ASSIGNED TASK
Leave every picture behind and copy the rest of the entries below exactly.

PROVIDED ENTRIES
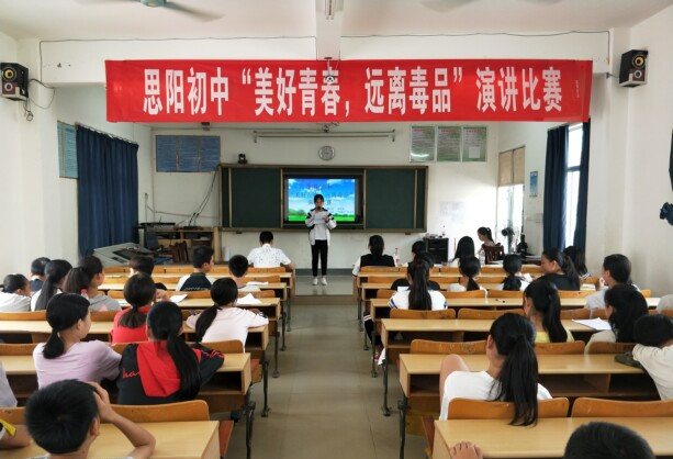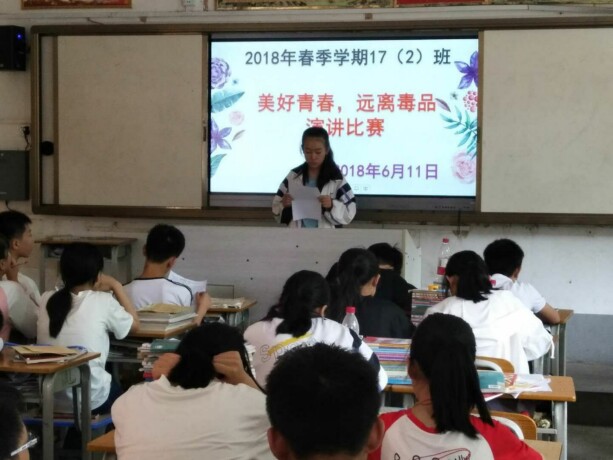 ? 活动一:开展“美好青春,远离毒品”演讲比赛,各个班级先在班内组织开展演讲初赛,再由同学们选出选手参加校园决赛,学校的禁毒演讲决赛于6月14日下午在多媒体教室举行,经过激烈的角逐,最终选出了此次演讲比赛的十佳演讲选手。
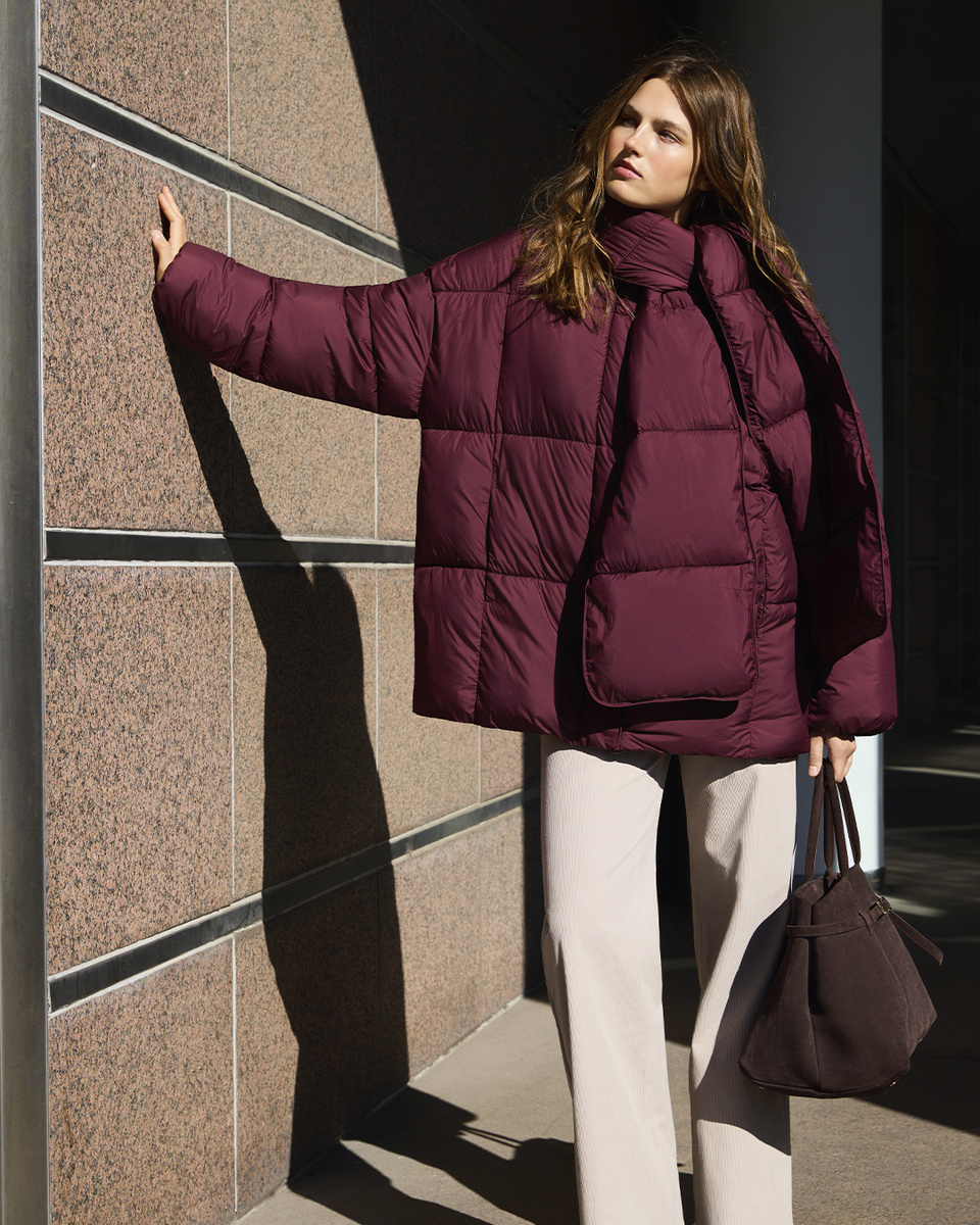 Продолжаем вдохновляться винными оттенками и красиво утепляться. Собрали элегантный образ для холодных дней: мягкий стёганый пуховик с шарфом, кожаные ботильоны с тиснением под крокодила и замшевая сумка. В качестве завершающих акцентов для настроения: массивное кольцо и серьги с эффектом мятого металла.
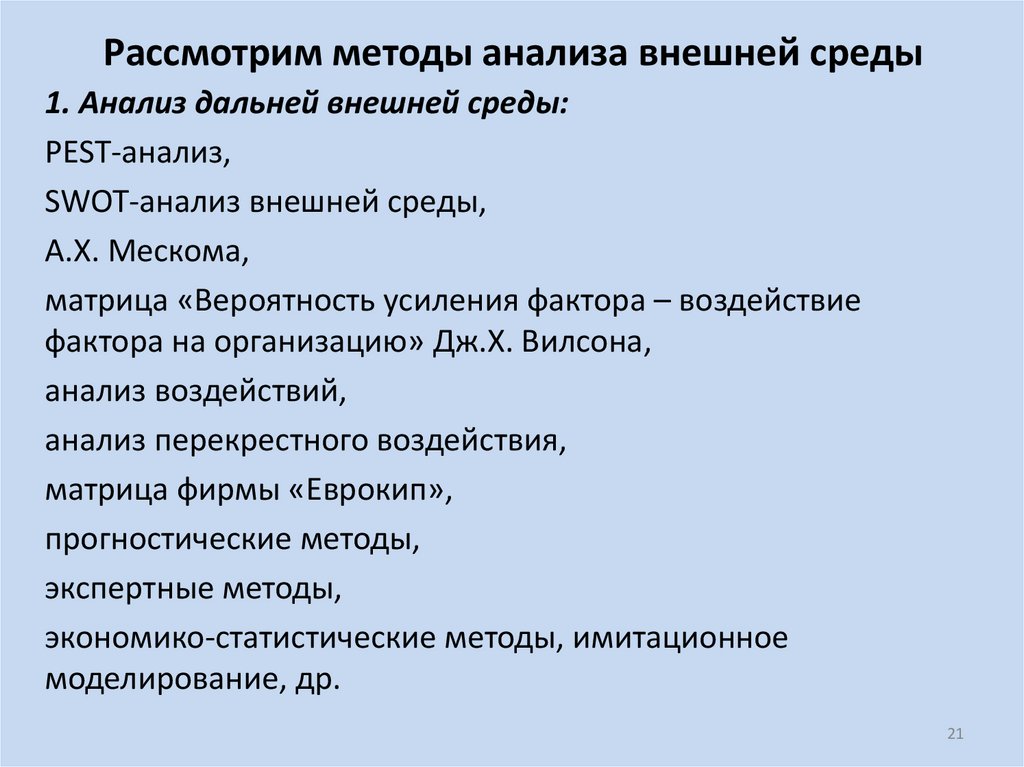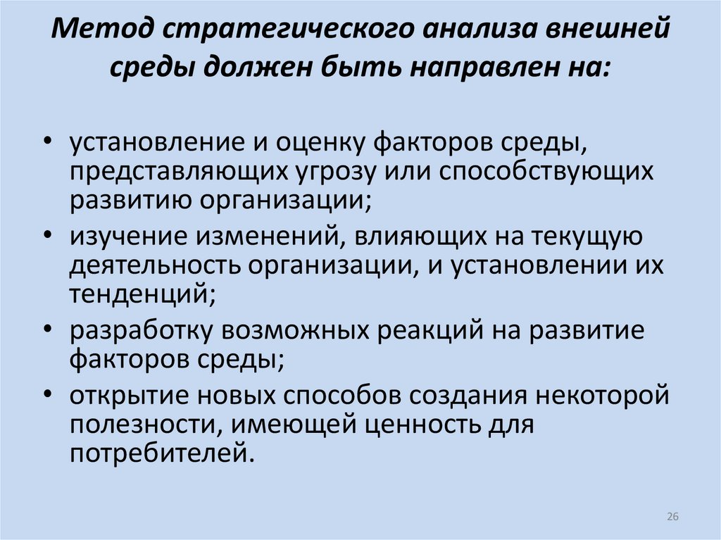26. Метод стратегического анализа внешней среды должен быть направлен на:
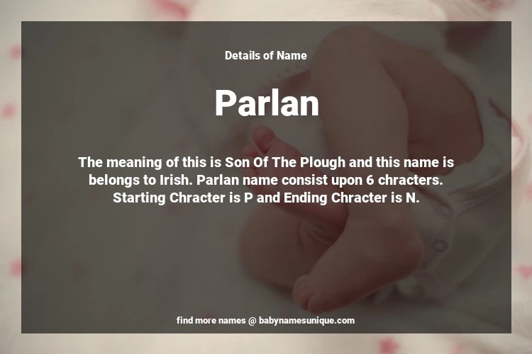 The name Parlan is chosen by those who are willing to find Unique Transgenders Baby Names. The meaning of this is Son Of The Plough and this name is belongs to Irish Origin. Baby Name Parlan consist upon 6 chracters. Starting alphabet is P and ending alphabet is N. This name is used primarily by parents who are considering unique baby names for Transgenders. The Zodiac Sign suitbale for this name are;
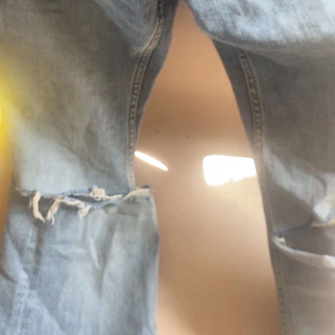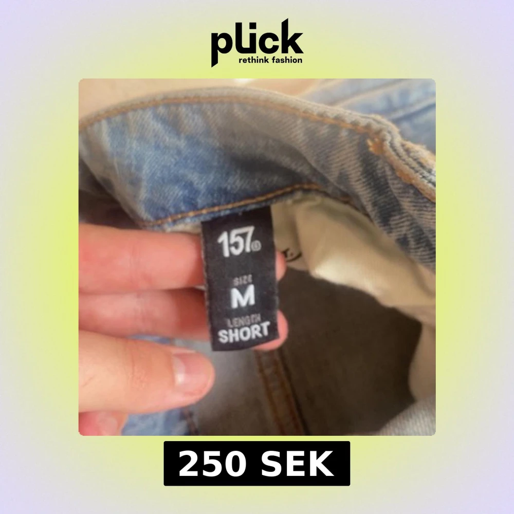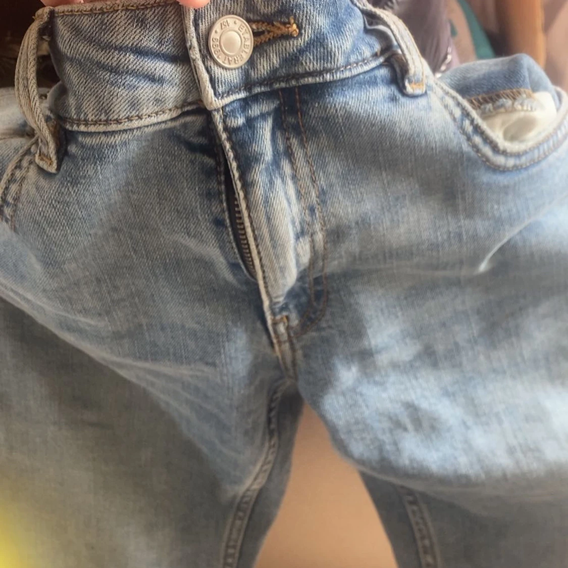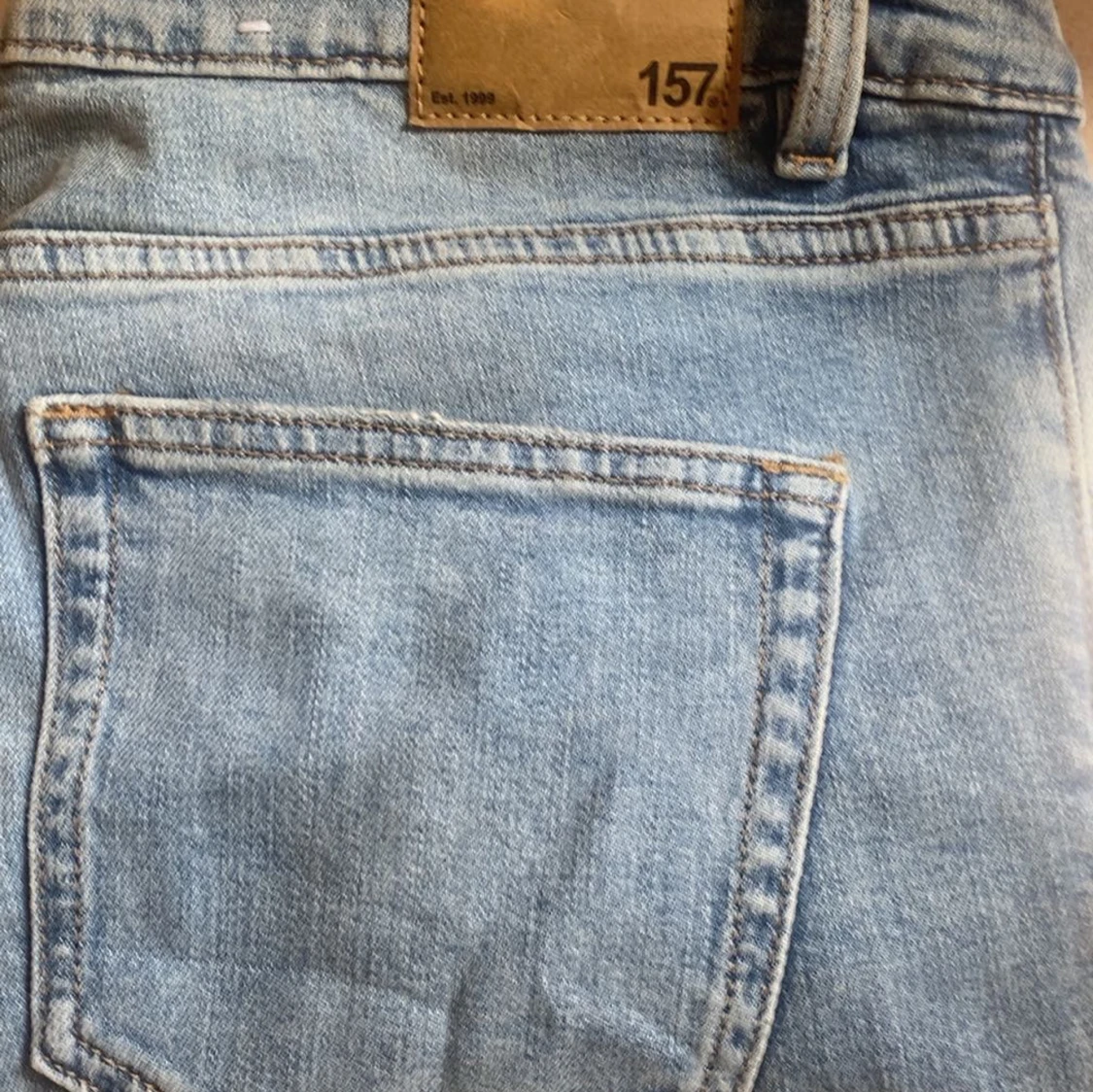 Säljer ett par ljusblå jeans från 157 i storlek M, short längd. Jeansen har klassisk femficksdesign, dragkedja och knapp framtill samt slitna detaljer och hål vid knäna för en cool, avslappnad look. Provade en gång.

OUTPUT OF THE EXERCISE
 ? 活动一:开展“美好青春,远离毒品”演讲比赛,各个班级先在班内组织开展演讲初赛,再由同学们选出选手参加校园决赛,学校的禁毒演讲决赛于6月14日下午在多媒体教室举行,经过激烈的角逐,最终选出了此次演讲比赛的十佳演讲选手。
 Продолжаем вдохновляться винными оттенками и красиво утепляться. Собрали элегантный образ для холодных дней: мягкий стёганый пуховик с шарфом, кожаные ботильоны с тиснением под крокодила и замшевая сумка. В качестве завершающих акцентов для настроения: массивное кольцо и серьги с эффектом мятого металла.
26. Метод стратегического анализа внешней среды должен быть направлен на:
 The name Parlan is chosen by those who are willing to find Unique Transgenders Baby Names. The meaning of this is Son Of The Plough and this name is belongs to Irish Origin. Baby Name Parlan consist upon 6 chracters. Starting alphabet is P and ending alphabet is N. This name is used primarily by parents who are considering unique baby names for Transgenders. The Zodiac Sign suitbale for this name are;
 Säljer ett par ljusblå jeans från 157 i storlek M, short längd. Jeansen har klassisk femficksdesign, dragkedja och knapp framtill samt slitna detaljer och hål vid knäna för en cool, avslappnad look. Provade en gång.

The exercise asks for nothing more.